Neural Operators with Accurate Jacobian for High-Fidelity Image-Domain Seismic Inversion
1 Introduction
In seismic inversion, Image-Domain Least-Squares Migration (IDLSM) constructs subsurface images by solving a linearized inverse problem based on the Born modeling operator and its adjoint (Symes 2008). While producing high-resolution subsurface images, these methods remain computationally expensive due to repeated large-scale wave-equation solves, with cost scaling with acquisition size (Tarantola 1984; Virieux and Operto 2009; Louboutin et al. 2017). To mitigate these costs, recent work has explored Machine Learning approaches that accelerate components of the seismic imaging workflow (Geng et al. 2022; Orozco et al. 2024; Yin et al. 2024; Yin, Orozco, and Herrmann 2025; Erdinc et al. 2025). In this work, we train a neural surrogate for a nonlinear, image-domain operator induced by migration. Specifically, we approximate an imaging operator that maps subsurface and background-velocity models to an RTM image: \[ \mathcal{R}: (\mathbf{m}, \mathbf{m}_0) \mapsto \delta \mathbf{m}_{\mathrm{RTM}}, \tag{1}\] where \(\mathbf{m}\), \(\mathbf{m}_0\) and \(\delta \mathbf{m}_{\mathrm{RTM}}\) are the subsurface velocity model, smooth background-velocity model and the migrated image, respectively. We approximate this mapping using neural operators, which learn mappings between function spaces governed by PDEs (Kovachki et al. 2023; Li et al. 2020). Once trained, these surrogates enable fast foward prediction and gradient computation via automatic differentiation (Siahkoohi, Louboutin, and Herrmann 2022; Ma and Alkhalifah 2025), replacing the numerical simulator and potentially providing efficient Gauss–Newton approximations for preconditioning.

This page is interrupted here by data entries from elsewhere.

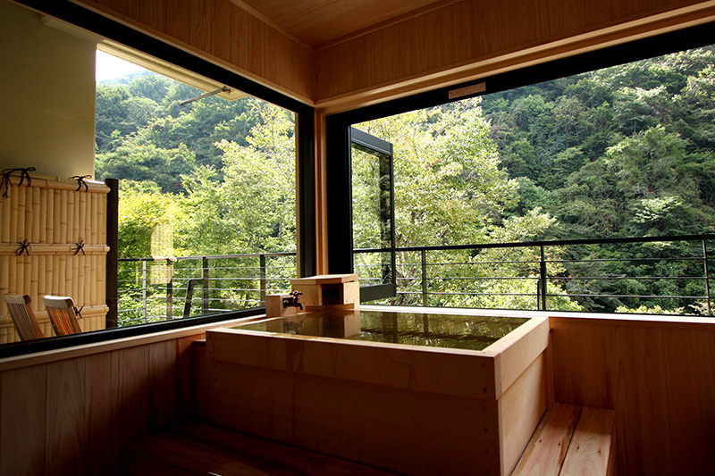 窓の外からは、時間の流れを忘れさせてくれる四季折々の山々があります。心と体がやすらぐお部屋となっております。
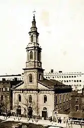 The parish was established in 1852 by Bishop Hughes, who appointed Rev. John Murray Forbes as its first pastor.[2] The parish began on Bond Street in the Lower East Side, but soon moved to a church building at East 8th Street at the north end of Lafayette Place, now Lafayette Street. That building had been constructed in 1811–12 on Murray Street by the Third Associate Reformed Presbyterian Church, and was designed by John McComb Jr. in the Georgian style; it was later moved by the Associate Reformed Presbyterian congregation to the 8th Street location. When that congregation moved uptown, the building was sold to the new Roman Catholic parish.[3]
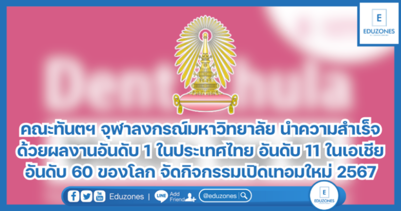 EZ Webmaster September 13, 2024 คณะทันตแพทยศาสตร์ จุฬาลงกรณ์มหาวิทยาลัย นำความสำเร็จด้วยผลงานอันดับ 1 ในประเทศไทย อันดับ 11 ในเอเชีย อันดับ 60 ของโลก จัดกิจกรรมเปิดเทอมใหม่ 2567 EZ Webmaster September 13, 2024 คณะทันตแพทยศาสตร์ จุฬาลงกรณ์มหาวิทยาลัย ได้นำวิสัยทัศน์ สถาบันการศึกษาทางทันตแพทยศาสตร์ระดับโลก ที่สร้างบัณฑิต องค์ความรู้ นวัตกรรมเพื่อพัฒนาสังคมอย่างยั่งยืน นำโดย ศาสตราจารย์ ทพ.ดร.พรชัย จันศิษย์ยานนท์ คณบดี คณะทันตแพทยศาสตร์ จุฬาฯ ด้วยผลงานที่สง่างามในปี 2567 กับความสำเร็จที่เกิดขึ้น คือ คณะทันตแพทยศาสตร์ จุฬาฯ ได้รับการจัดอันดับความเป็นเลิศด้านวิชาการ จาก QS WORLD UNIVERSITY RANKINGS by Subject Areas 2024 คือ อันดับ 1 ในประเทศไทย อันดับ 11 ในเอเชีย อันดับ 60 ของโลก คณะทันตแพทยศาสตร์ จุฬาฯ ได้มุ่งมั่นสู่ความสำเร็จที่จะสร้างสรรค์ให้ก้าวไกลต่อไป ด้วยการเริ่มต้นปีการศึกษาใหม่ ในกิจกรรมต้อนรับเปิดเทอม ด้วยงานปฐมนิเทศนิสิตใหม่ รุ่นที่ 86 พิธีมอบเสื้อกาวน์ นิสิตชั้นปี 4 และ พิธีไหว้ครู 2567 งานปฐมนิเทศนิสิตใหม่ คณะทันตแพทยศาสตร์… Continue Reading
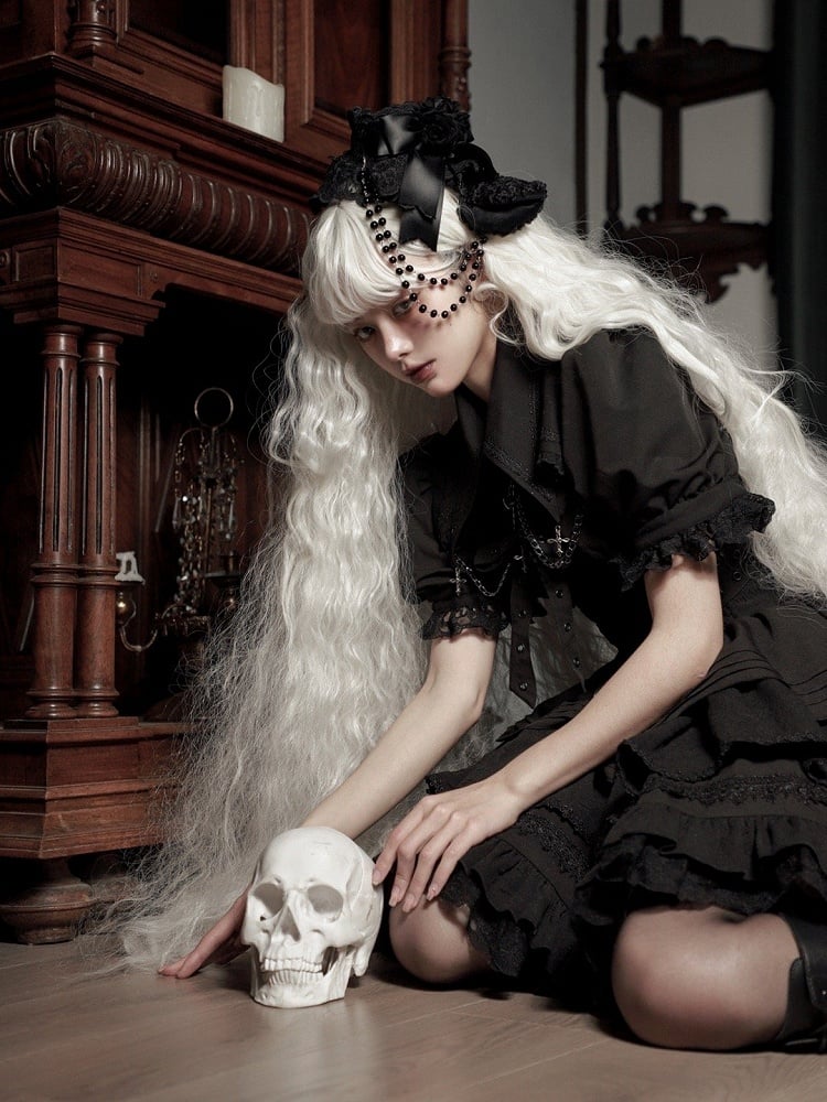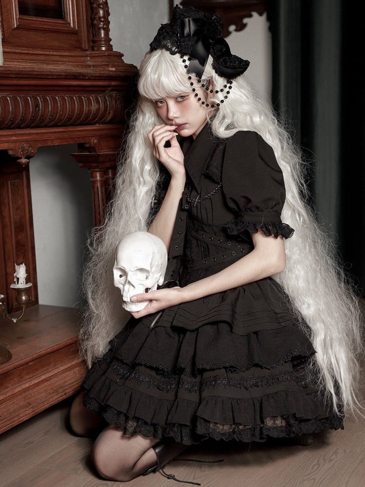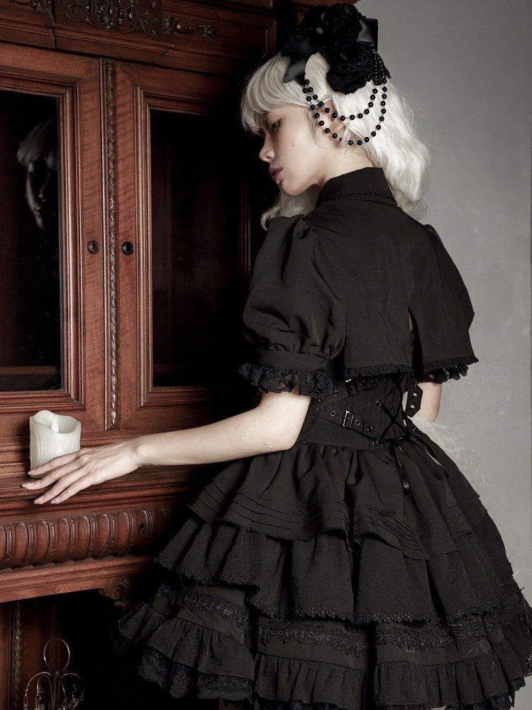 Clearance-Size M for Bust 96CM Black Gothic Chain Details Bolero
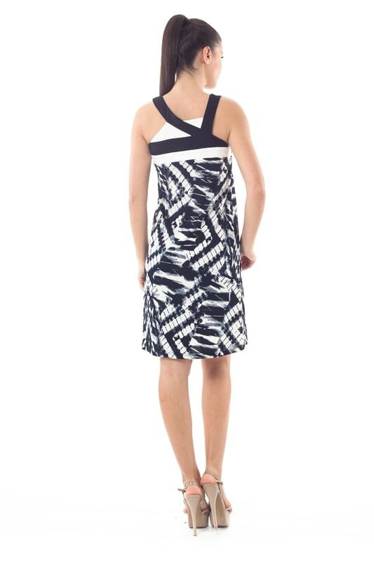 Осмельтесь отличаться от других в этом привлекательном платье! Приятный силуэт умело подчеркнут асимметричными вставками из контрастной ткани и придает платью особую харизму. Без рукавов. На изображенной модели рост 178 см, размер 36/S.
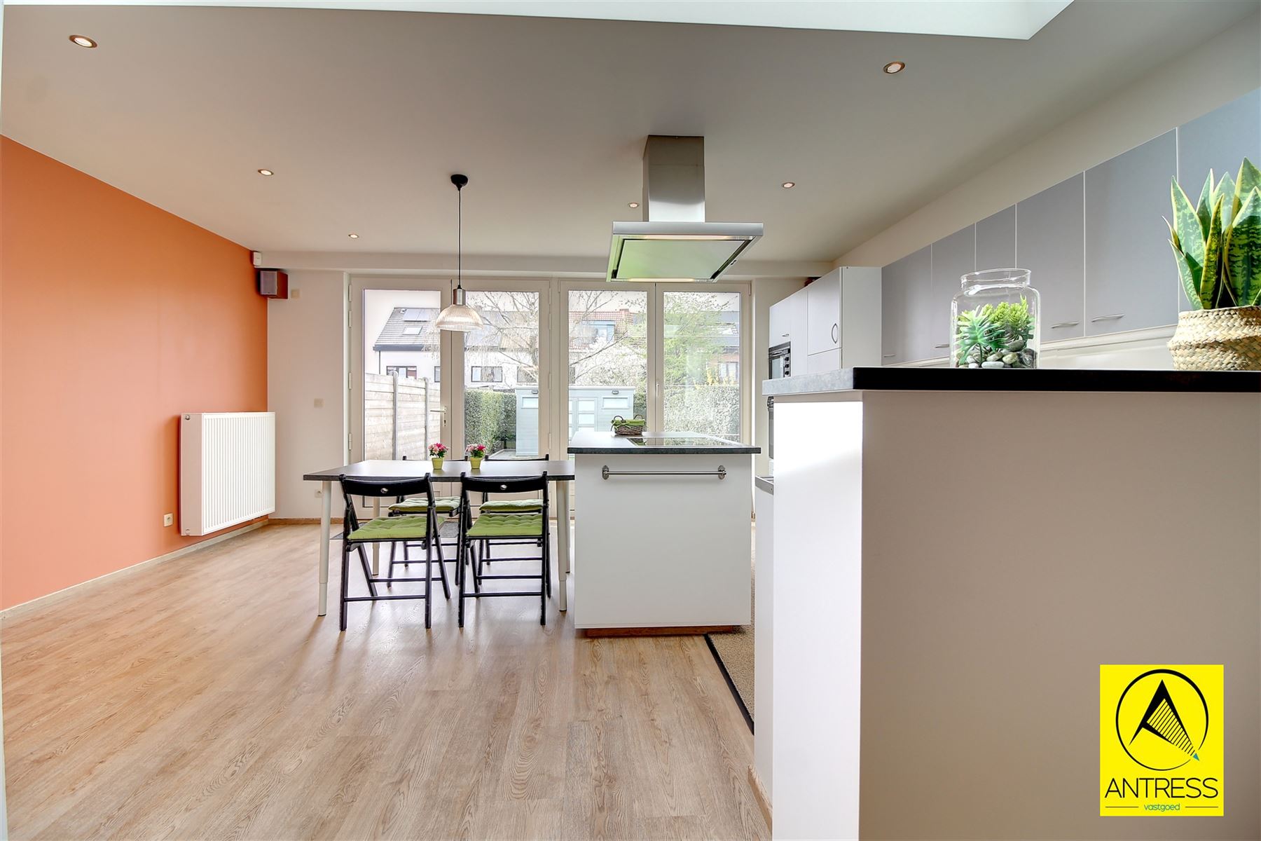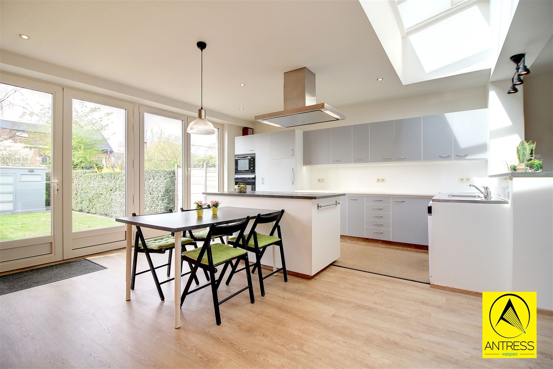 Achteraan treffen we de open keuken, voorzien van alle comfort, met dankzij de lichtstraat en kamer hoge ramen aangename lichtinval en prachtig zicht op de tuin.

However, accurate forward prediction alone does not ensure that the learned operator captures the derivative information required for inversion (Park, Yang, and Chandramoorthy 2024; Rosofsky, Al Majed, and Huerta 2023; Li et al. 2024; O’Leary-Roseberry et al. 2024; Park et al. 2025). Since gradient-based updates are governed by the adjoint Jacobian (Tarantola 1984; Virieux and Operto 2009), errors in the learned sensitivities lead to inaccurate gradients, unphysical updates, and degraded reconstruction quality (see rightmost column of Figure 5). This highlights the need to incorporate inversion-relevant sensitivity information during training.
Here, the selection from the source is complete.